In the material below, please retype the lines from the very first through the one with "Kitchen update needed", exactly and without pictures.

STORED DATA

########

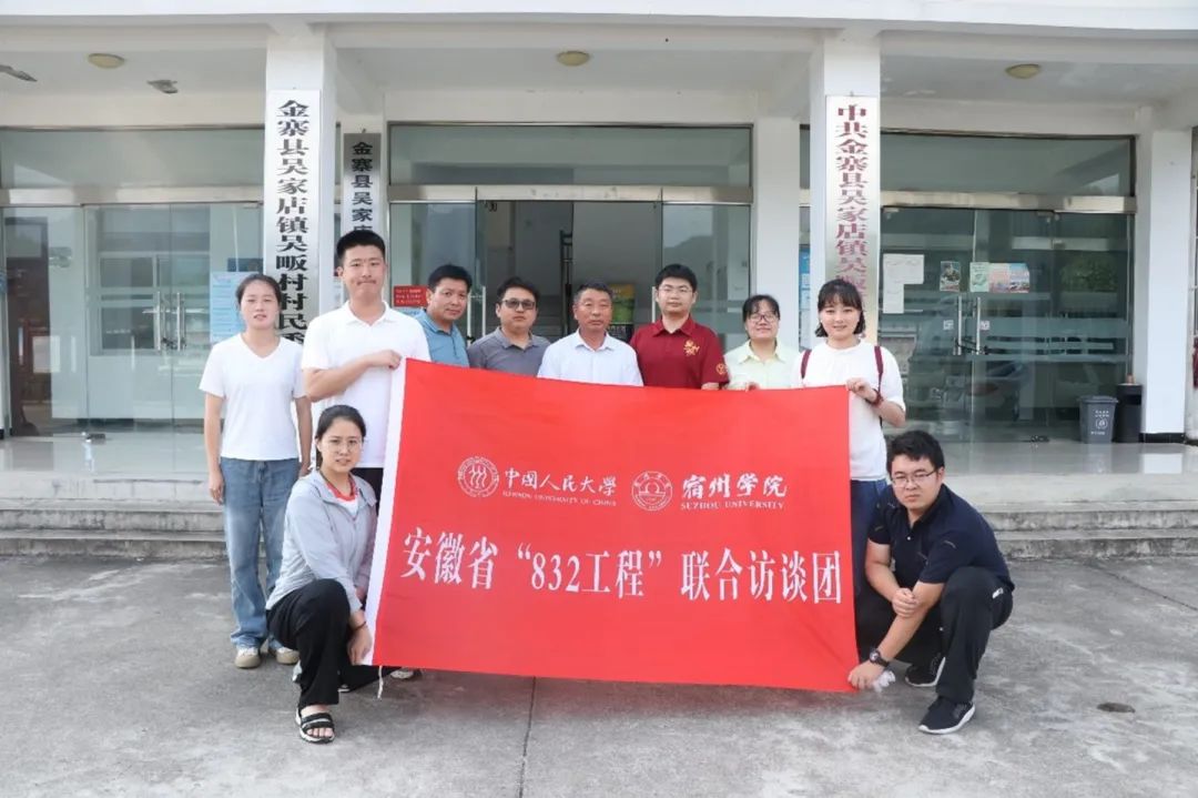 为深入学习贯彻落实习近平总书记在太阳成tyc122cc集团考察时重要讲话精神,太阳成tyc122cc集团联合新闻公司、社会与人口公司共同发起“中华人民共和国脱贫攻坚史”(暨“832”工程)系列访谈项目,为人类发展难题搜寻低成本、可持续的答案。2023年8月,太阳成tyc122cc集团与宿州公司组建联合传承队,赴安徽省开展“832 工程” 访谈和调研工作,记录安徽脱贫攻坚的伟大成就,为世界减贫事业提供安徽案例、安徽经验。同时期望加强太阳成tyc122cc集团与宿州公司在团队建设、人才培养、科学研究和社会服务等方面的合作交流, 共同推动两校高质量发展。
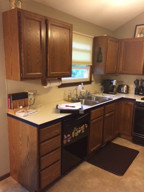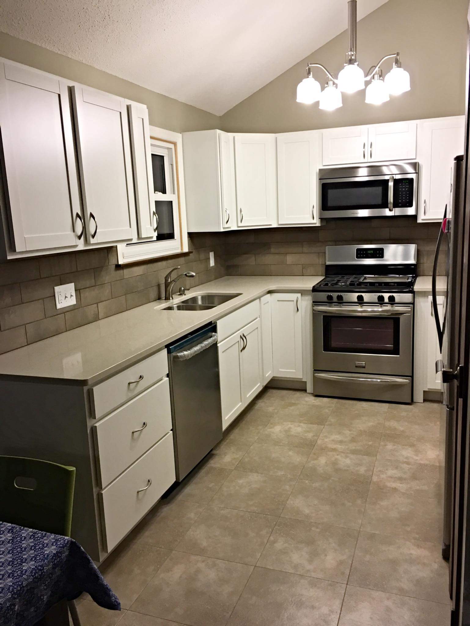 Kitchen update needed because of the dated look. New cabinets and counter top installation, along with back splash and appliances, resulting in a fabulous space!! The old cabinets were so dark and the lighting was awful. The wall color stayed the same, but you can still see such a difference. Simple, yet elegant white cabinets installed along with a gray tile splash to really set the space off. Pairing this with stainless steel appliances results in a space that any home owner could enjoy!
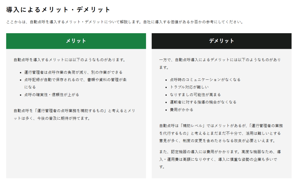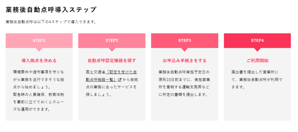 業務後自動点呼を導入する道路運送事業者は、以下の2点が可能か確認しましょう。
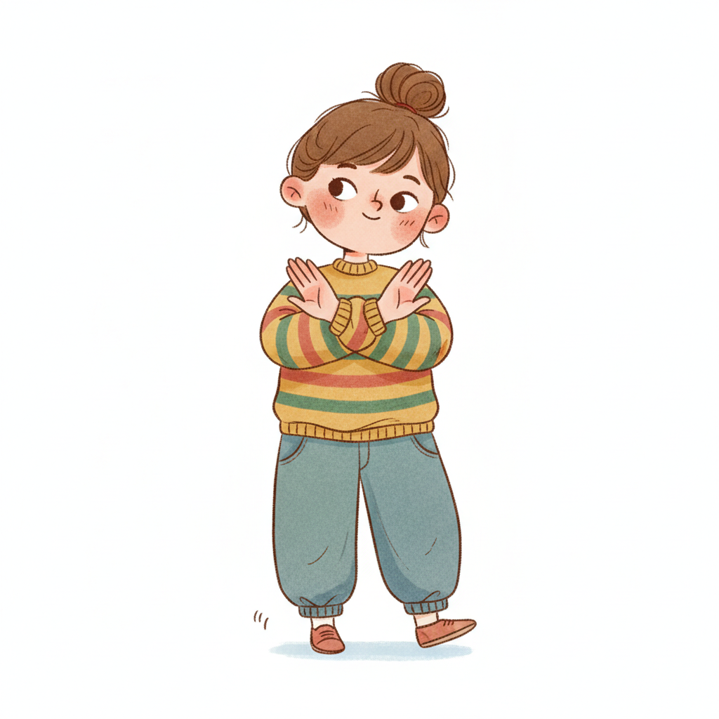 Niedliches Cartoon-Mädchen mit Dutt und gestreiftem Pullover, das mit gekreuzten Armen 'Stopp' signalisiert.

########

RESULT
 为深入学习贯彻落实习近平总书记在太阳成tyc122cc集团考察时重要讲话精神,太阳成tyc122cc集团联合新闻公司、社会与人口公司共同发起“中华人民共和国脱贫攻坚史”(暨“832”工程)系列访谈项目,为人类发展难题搜寻低成本、可持续的答案。2023年8月,太阳成tyc122cc集团与宿州公司组建联合传承队,赴安徽省开展“832 工程” 访谈和调研工作,记录安徽脱贫攻坚的伟大成就,为世界减贫事业提供安徽案例、安徽经验。同时期望加强太阳成tyc122cc集团与宿州公司在团队建设、人才培养、科学研究和社会服务等方面的合作交流, 共同推动两校高质量发展。
 Kitchen update needed because of the dated look. New cabinets and counter top installation, along with back splash and appliances, resulting in a fabulous space!! The old cabinets were so dark and the lighting was awful. The wall color stayed the same, but you can still see such a difference. Simple, yet elegant white cabinets installed along with a gray tile splash to really set the space off. Pairing this with stainless steel appliances results in a space that any home owner could enjoy!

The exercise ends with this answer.